● **How to complete this task**
What is needed is an exact transcription of every entry below, with the pictures left out.

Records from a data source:
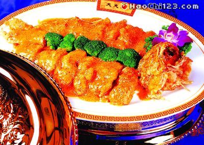 8、这时入金华火腿碎、干贝碎、海米碎、2克盐、4克味精、30克上汤中火加热制成鱼子酱,用水淀粉勾芡浇在鱼上;
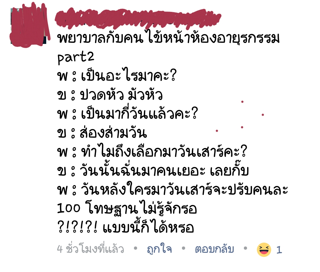 สักพักพยาบาลคนนี้ก็บ่นๆๆๆ ปนะมาณว่า อะไรๆก็โทษยากัน ไม่ได้ดูตัวเองกันละ บลาๆๆๆๆ ไปเรื่อยๆ
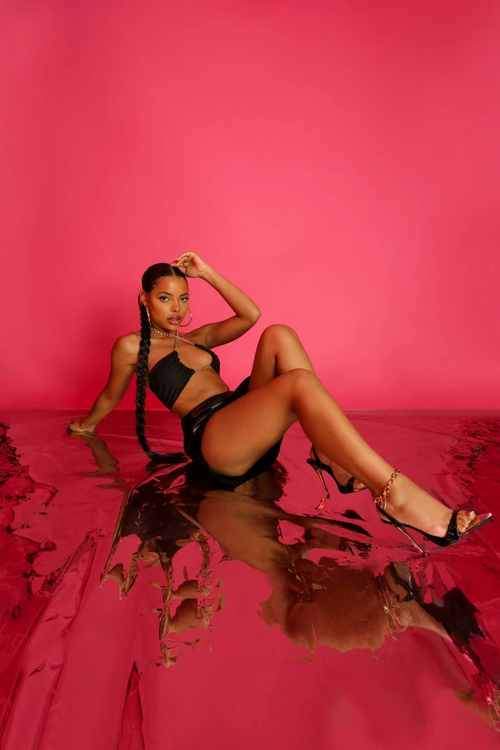 A BLACK PU HIGH WAISTED MINI SKIRT WITH AN EXTREME SIDE SPLIT.
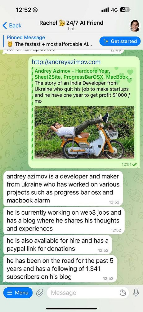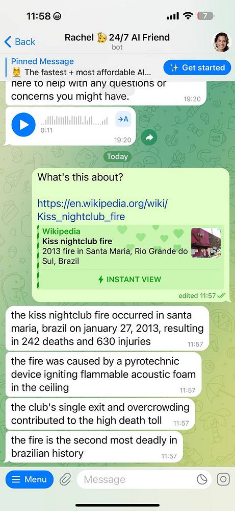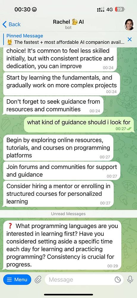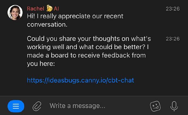 The first AI mental help coach available to you 24/7. Send me a chat or voice messages to talk to me.
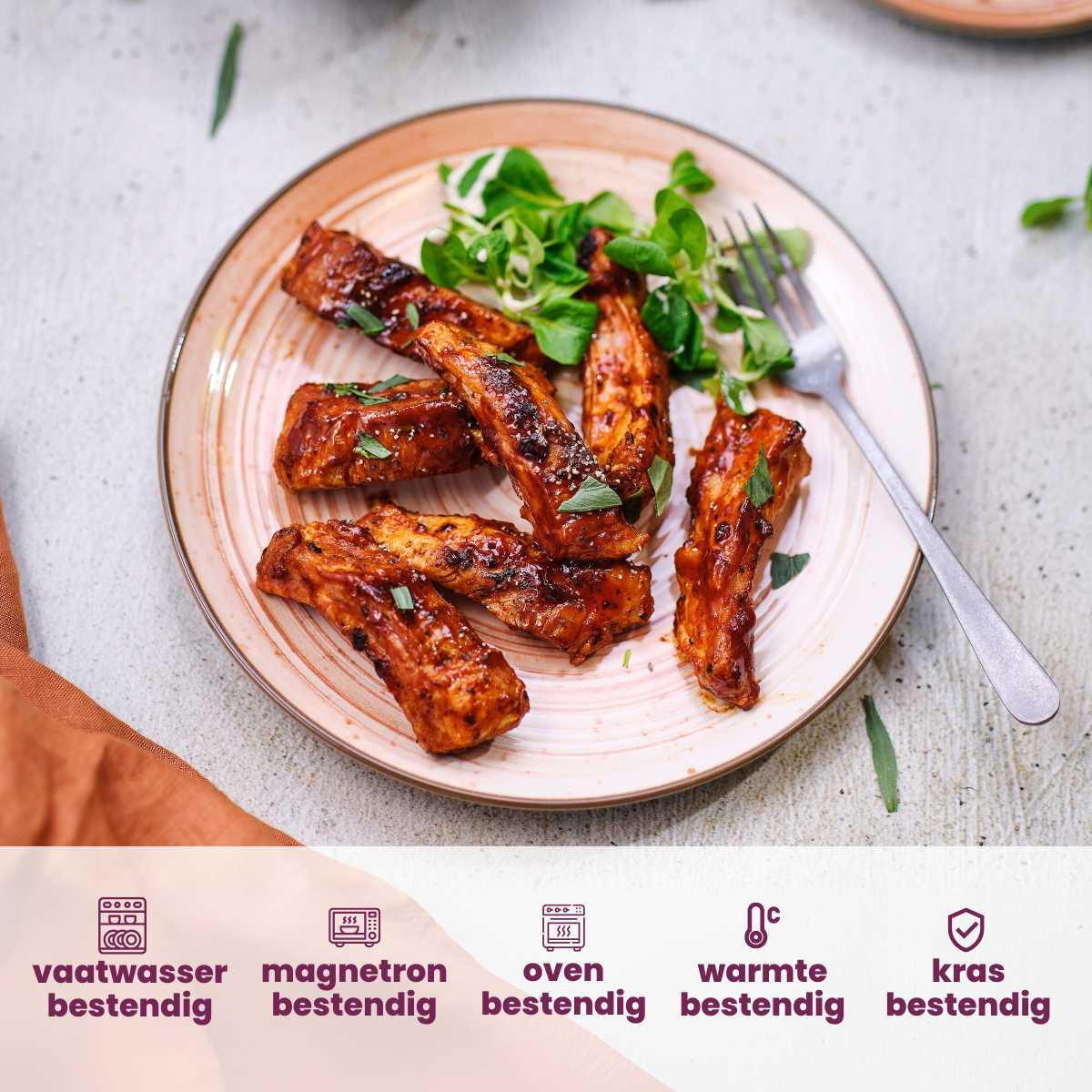 Spüle den Teller nach Gebrauch ab, um Flecken zu vermeiden

● **Final answer**
 8、这时入金华火腿碎、干贝碎、海米碎、2克盐、4克味精、30克上汤中火加热制成鱼子酱,用水淀粉勾芡浇在鱼上;
 สักพักพยาบาลคนนี้ก็บ่นๆๆๆ ปนะมาณว่า อะไรๆก็โทษยากัน ไม่ได้ดูตัวเองกันละ บลาๆๆๆๆ ไปเรื่อยๆ
 A BLACK PU HIGH WAISTED MINI SKIRT WITH AN EXTREME SIDE SPLIT.
 The first AI mental help coach available to you 24/7. Send me a chat or voice messages to talk to me.
 Spüle den Teller nach Gebrauch ab, um Flecken zu vermeiden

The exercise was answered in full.